With this “linearity and to-do list” mindset, it is quite shocking to me that project development in industry is far from being linear. There are a lot of ongoing back-and-forth discussions and goal-settings among different interest groups: engineers, product managers, sales, and strategy, and so on. Each group tends to speak their own language, has their own agenda, and views the project from their particular perspective. Engineers may be interested in improving the precision of the machine learning algorithms, product may be pressured to meet the deadline, sales may be motivated to develop new features for upselling. And when it comes to planning, the first step is set a clear objective and define the problem. This usually requires multiple meetings across different groups in order to reach a consensus. Sometimes, my problem may seem trivial in your eyes, and vice versa. Then comes to the tasks. Most of the time, the problem is only vaguely defined in business, and it is until some initial analysis and trial is done, the problem definition becomes more and more concrete. This means, you may have to face the fact that there is no to-do list at certain stages of a project, and no clear hypothesis to test. Sometimes your task depends on others’s task and it is difficult for you to foresee your task until others finish their part. It is quite challenging if you have a student mindset and are used to being told what to do and what to expect with strict guidelines. In business, you may have to define your own tasks and come up with ideas to test, as well as communicating your expertise to other groups about what is expected and how to evaluate. As the market and customer demand is dynamic, you may have to revise the same task after “finishing” it. Often times, the to-do list just keeps getting longer and longer and it seems like you can never cross out a single task because it is never done and there is always revision and improvement. To students fresh off college, the working environment and vague project setting may seem like a chaos and mess as there are no well-defined syllabus and learning objectives any more. However, real world never has bullet point. It is more like a loosely structured network. It requires human effort to define clusters of problems and tasks, and to clarify goals in the midst of vagueness and uncertainty. To come up with an actionable task list in itself is a big task!

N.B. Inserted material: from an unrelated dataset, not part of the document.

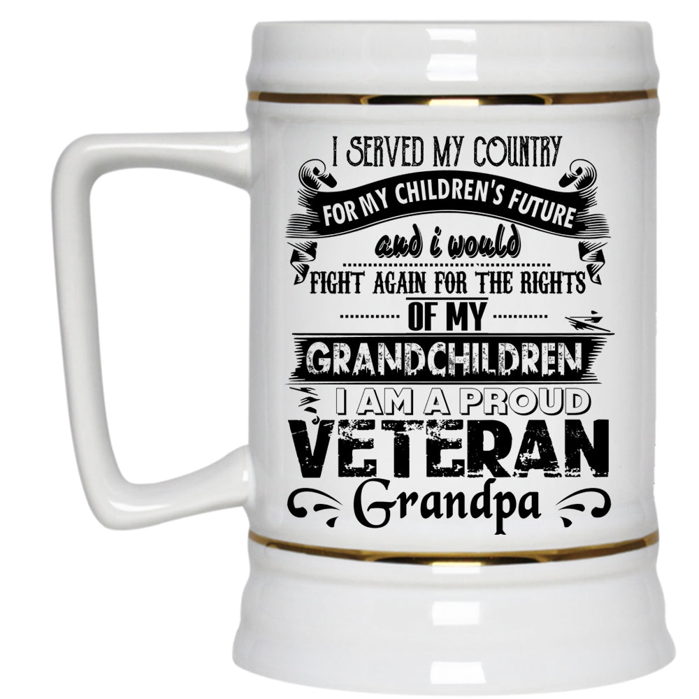 Gift For Grandpa Beer Stein 22oz, I Am A Proud Veteran Grandpa Beer Mug

Linearity is simple and nice, but forget about it in the real world.
Local optimum is a good solution
In my discussion with a friend about modern college education, he was holding the opinion that the 4-year college education is deeply flawed and expensive, and small group teaching and MOOC are the future, while I thought there is no better alternative for the 4-year college and classroom teaching at this moment so however flawed it is, 4-year college is still the “best” we can have. There are a great amount of discussion on the fast development of technology in the future and what we are learning in school now may not be relevant in decades. That may be true. However, no matter how unsatisfied you are about the 4-year college, your best bet (statistically speaking) right now for the future is still to go to a college.
Real world is full of trade-offs and constraints. You know some solutions are not the best, some plans are not the most efficient, some structures are not the most organized. It is not difficult to point out flaws and shortcomings because they always exist, but it is more difficult to improve the status quo than you may have thought. There could be multiple stakeholders and different interest groups involved, there could be budget limitations, people may have different priorities and values, or you just do not have time! Of course, it is better to have all your codes commented and to check naming consistency. However, when you have more important tasks to do, would you still spend your afternoon checking the spaces after each parenthesis? It is nice to be organized, but not so much to be lost in it.

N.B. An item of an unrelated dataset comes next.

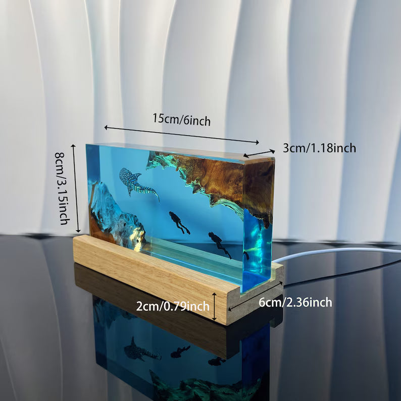 Dive into a serene underwater world with this captivating, handcrafted resin art light. Featuring a majestic whale shark gliding through crystal-clear waters alongside a diver, this piece captures a moment of oceanic wonder. The scene is expertly preserved within luminous, high-clarity resin, which comes alive when placed upon its minimalist wooden base. With a simple touch, warm light springs up through the resin, creating a stunning, ambient glow that transforms any room into a tranquil oasis.

With limited time, resource, and energy, sometimes, you just got to accept the local optimum as a solution that is good enough for you to proceed to the next step. Accepting local optimum does not mean no improvement. Through future iteration and feedback from others, we may reach a better local optimum, and an even better one. It would be much less efficient to try to find a so-called “global optimum” in one shot.
PS: “Time flies. It’s been 6 months since I started to work as a full-time Data Scientist.” When I wrote this line, it was a month ago, a 6-month milestone. I had so many thoughts in my mind, so many notes on my notebook, and so many personal experience to share, that I never got to finish this post. Now, another month has passed, and I still think this one single post does not well record my mind journey through this first few months of working. With this being said, this post serves as a pilot episode in a new season of my data science blog (season 1 being the internship), and many more are coming in the future!